─── Records for the exercise

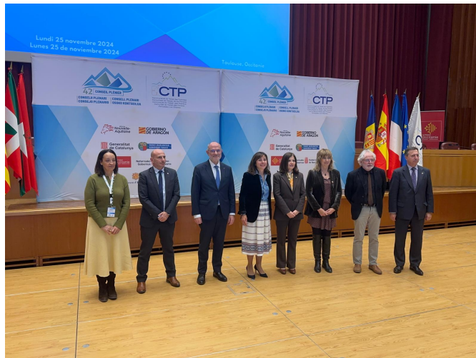
La vicepresidenta Ana Olo con representantes del resto de regiones presentes en el plenario de la CTP.
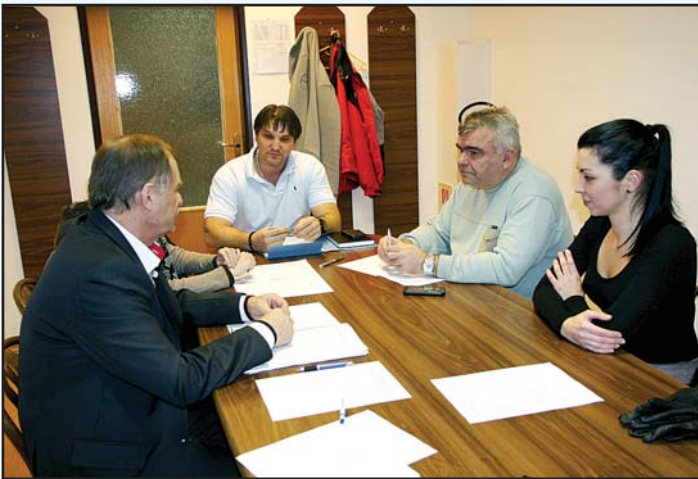
Komisia komunitného rozvoja, kultúry a športu pri práci.

Na nasledujúcich zasadnutiach komisie sa jej členovia venovali príprave kultúrno - športových podujatí, ktoré od januára 2015 organizujú vo veľkom počte. Bol spracovaný harmonogram podujatí, ktorý je mesiac vopred zverejnený na webovom sídle mestskej časti. Vzhľadom na to, že v roku 2015 uplynie 30 rokov od položenia základného kameňa mestskej časti, komisia pripravuje množstvo podujatí práve na mesiac máj, kedy sa každoročne organizujú Dni mestskej časti.
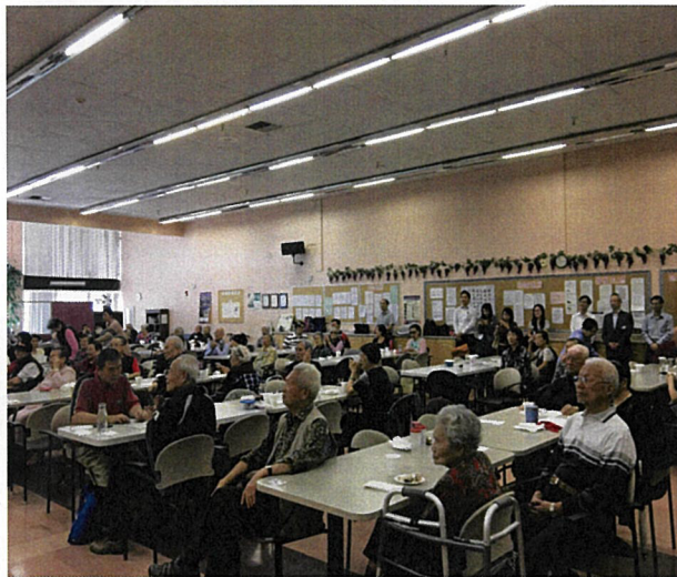
10月27日與亞凱迪亞成人日間保健中心耆老同樂
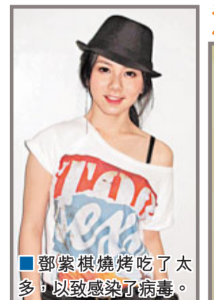
鄧紫棋燒烤吃了太多，以致感染了病毒。
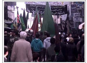
عاشوراء" دمشق : سواد وتشديد أمني ولطميات
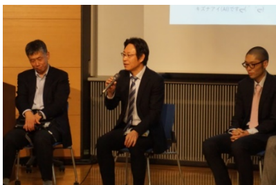
ラウンドテーブルセッションでの議論
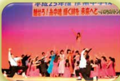
オペレッタ「希望の木」
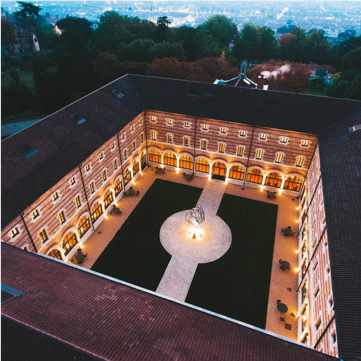
Le 'Fourvière hôtel' réalisé en 2015 dans un ancien couvent du XIXe siècle.

La philosophie du groupe ? Des emplacements exceptionnels, la valorisation d'un patrimoine architectural et une hôtellerie à thème.
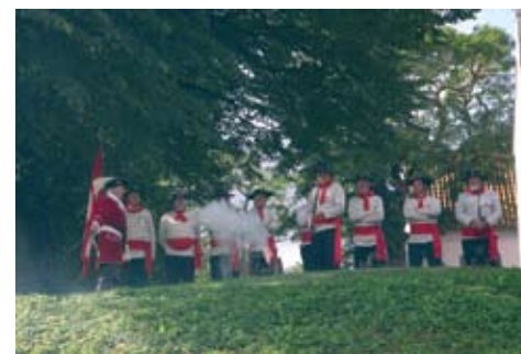
Aalborg Kanonlaug saluterer for flagdagen og for faneoptoget på Aalborghus Slot
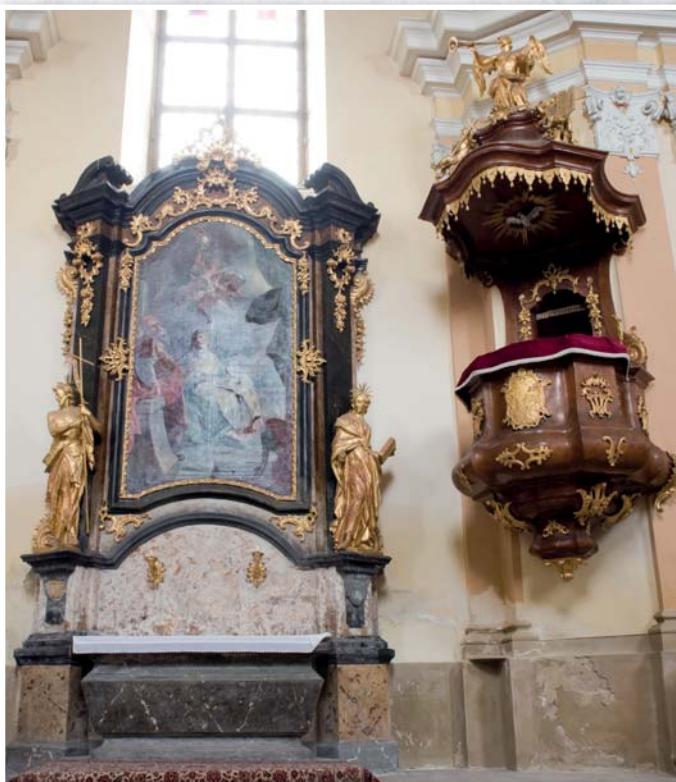
Boční oltář sv. Anny (levá strana kostela) se sv. Janem Křtitelem (vlevo) a sv. Janem Evangelistou (vpravo)

V lulečském kostele sv. Martina se na hlavním oltáři nachází u pat sloupů apoštolská knížata Petr a Pavel a věrozvěstové Cyril s Metodějem. Spojení apoštolů Moravy s prvními apoštoly křesťanské víry nebylo v baroku neobvyklé. Orientace soch je následující (v pořadí zleva): sv. Cyril, Petr, Pavel a Metoděj. V nástavci je zobrazena sv. Trojice, po stranách jsou oranti – v = 80 cm (orant – postava se zdviženými rukama v modlitebním prosebném gestu) a nad nimi andělci – v = 60 cm – zobrazení jako nemluvnata.
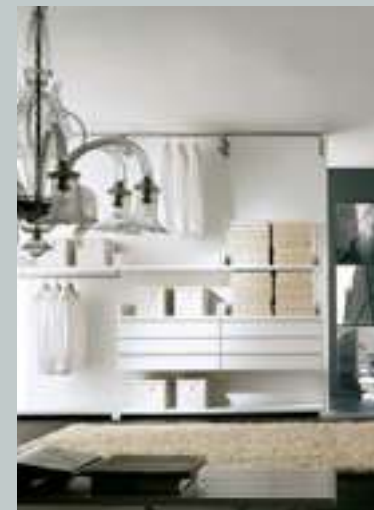
Lema unveils its first walk-in wardrobe
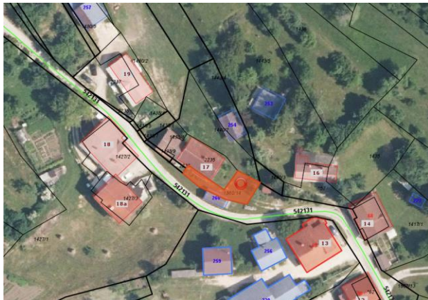
Lega parcele ID znak: parcela 1658 1862/14

Lastnica bližnje stanovanjske hiše je izkazala interes za nakup navedenega zemljišča. Na svoje stroške in v dogovoru z Občino je že izvedla parcelacijo s katero je nastala predmetna nepremičnina, ki je predmet razpolaganja. Nepremičnina je nastala s parcelacijo zemljišča, ki je v zemljiški knjigi vknjiženo kot javno dobro, zato je tudi na predmetni nepremičnini v ZK tak vpis. Glede na navedeno menimo, da je razpolaganje utemeljeno, občina za svoje namene tega ne potrebuje, zato predlagamo, da se vlogi ugodi in se sklene neposredna prodajna pogodba.
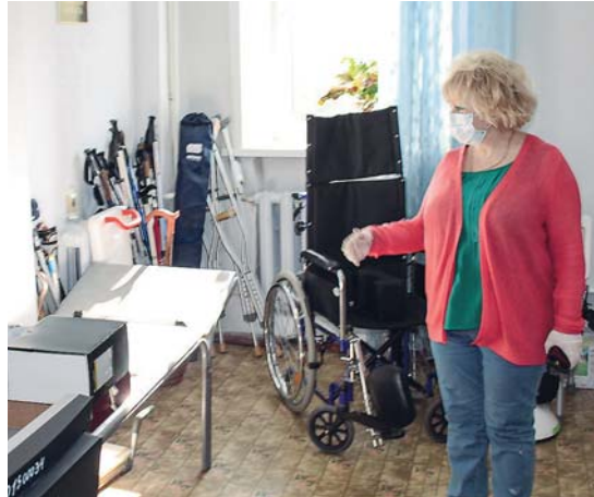
22 сентября омбудсмен осмотрела помещения Новосибирского областного геронтологического центра в ходе выездной проверки по коллективному обращению сотрудников центра.
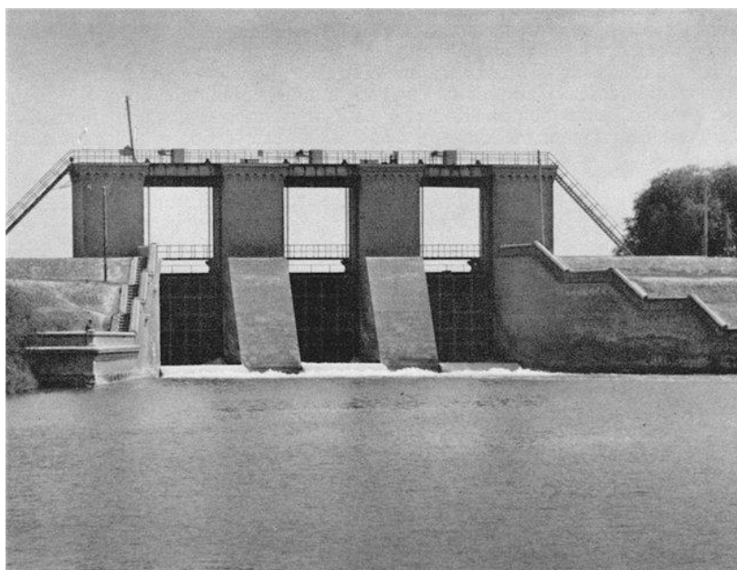
Здесь показана для сравнения современная фотография плотины из кн.: Памятники архитектуры Туркменистана. Л., Стройиздат ЛО, 1974, с. 269.
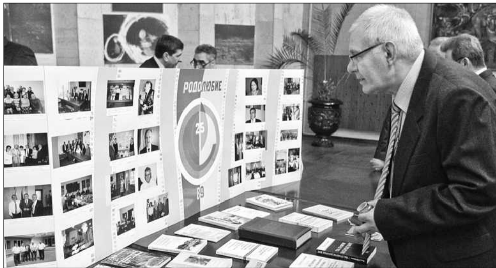
В приміщенні Посольства Республіки Болгарія відбулися урочистості з нагоди 25-річчя заснування Київського товариства болгарської культури «Родолюбіє-1989»
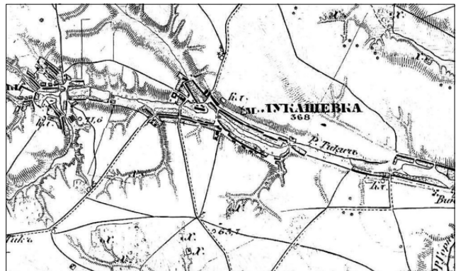
Рис. 1. Містечко Лукашівка Липовецького повіту Київської губернії на трьохверстній мапі Російської імперії 1868 року

Так, у праці Л.І. Похилевича «Сказания о населенных местностях Киевской губернии» за 1864 рік зазначається наступне: «Лукашевка, местечко при соединении ручья Юшки с другим безыменным, образующими двумя прудами пространный полуостров, на коем и расположено местечко. Жителей обоего пола: православных 1661, римских католиков 5, евреев 812; земли 3522 десятины; в 50-ти верстах от уездного города. В местечке есть замковище длиною в 50, а шириною в 30 сажень. На нем стоит кирпичный одноярусный дом. До 1768 года замок обнесен был палисадом, который разорен поднявшимися жителями, в эпоху, известную под именем колиивщины. До 1854 года местечко принадлежало княгине Марцелине Чарторийской, постоянно живущей за границую, а в
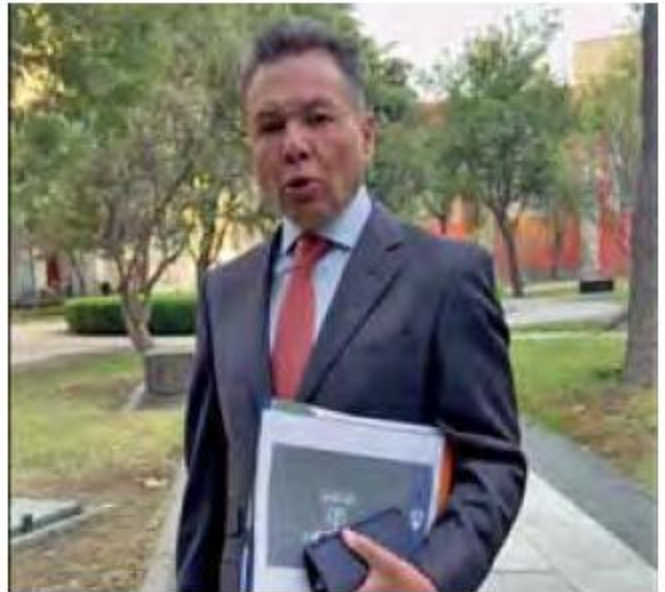
Reunión. El mandatario estatal estuvo presente en el Gabinete de Seguridad.

Por su parte, la presidenta de México, Claudia Sheinbaum, compartió durante la mañana que en la reunión que se sostuvo con Lemus se “coincidieron en muchas de las visiones que están
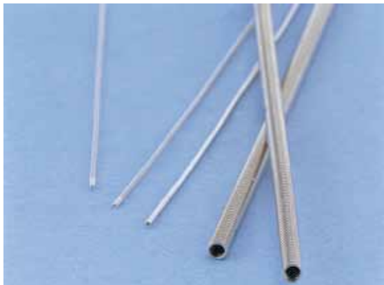
ガイドワイヤ用コイル／カテーテルシャフト用コイル
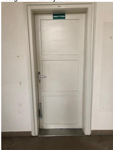
Fotografie – stávající stav
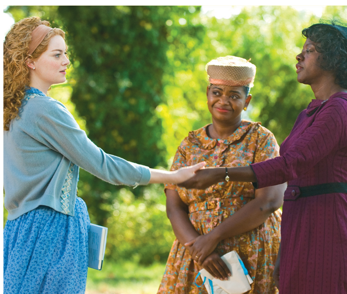
Emma Stone, Octavia Spencer et Viola Davis dans La Couleur des sentiments

Suit une autre nouveauté: Our idiot brother de Jesse Per-
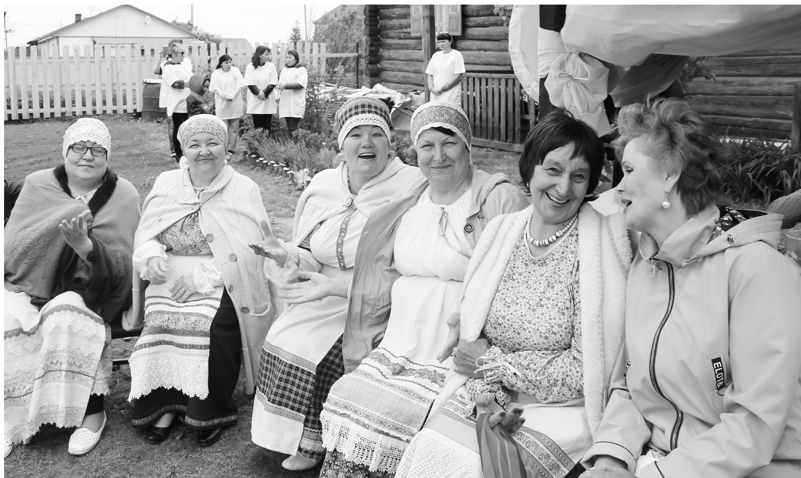
Деревенские посиделки коллектива ЦКиД в «Сибирском подворье».

«Сибирское подворье» — это живописная картинка, воспроизводящая быт, уклад жизни сибирской семьи. Подворье принадлежало богатой зажиточной семье Косыгиных, но не отличалось какой-то вычурностью. Простота быта всегда была от-
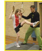
Beveiligen bij het duikelen aan de ringen met de polsgreep
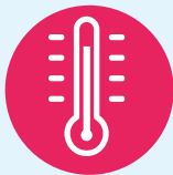
Fièvre d'apparition brutale

En l'absence d'autres signes d'appel infectieux
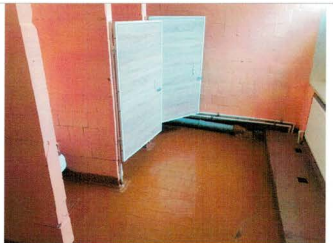
Фото №30 – Санитарно-гигиенические помещения
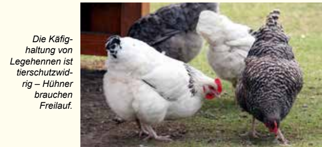
Die Käfighaltung von Legehennen ist tierschutzwidrig – Hühner brauchen Freilauf.

Aber auch das Nachfolgemodell, bei dem jeweils bis zu 60 Tiere in sogenannten Kleingruppen-Käfigen gehalten werden, ist tierschutzwidrig. Jeder Henne stehen in diesem Haltungssystem nur 800 cm 2 Platz (etwas mehr als 1 DIN A4-Blatt) zur Verfügung.

──────

_Problem_
Above are the records. Copy only the lines from the one with "Por su parte, la" through the one with "Emma Stone, Octavia", exactly, with no pictures.

_Solution for this problem_
Por su parte, la presidenta de México, Claudia Sheinbaum, compartió durante la mañana que en la reunión que se sostuvo con Lemus se “coincidieron en muchas de las visiones que están
ガイドワイヤ用コイル／カテーテルシャフト用コイル
Fotografie – stávající stav
Emma Stone, Octavia Spencer et Viola Davis dans La Couleur des sentiments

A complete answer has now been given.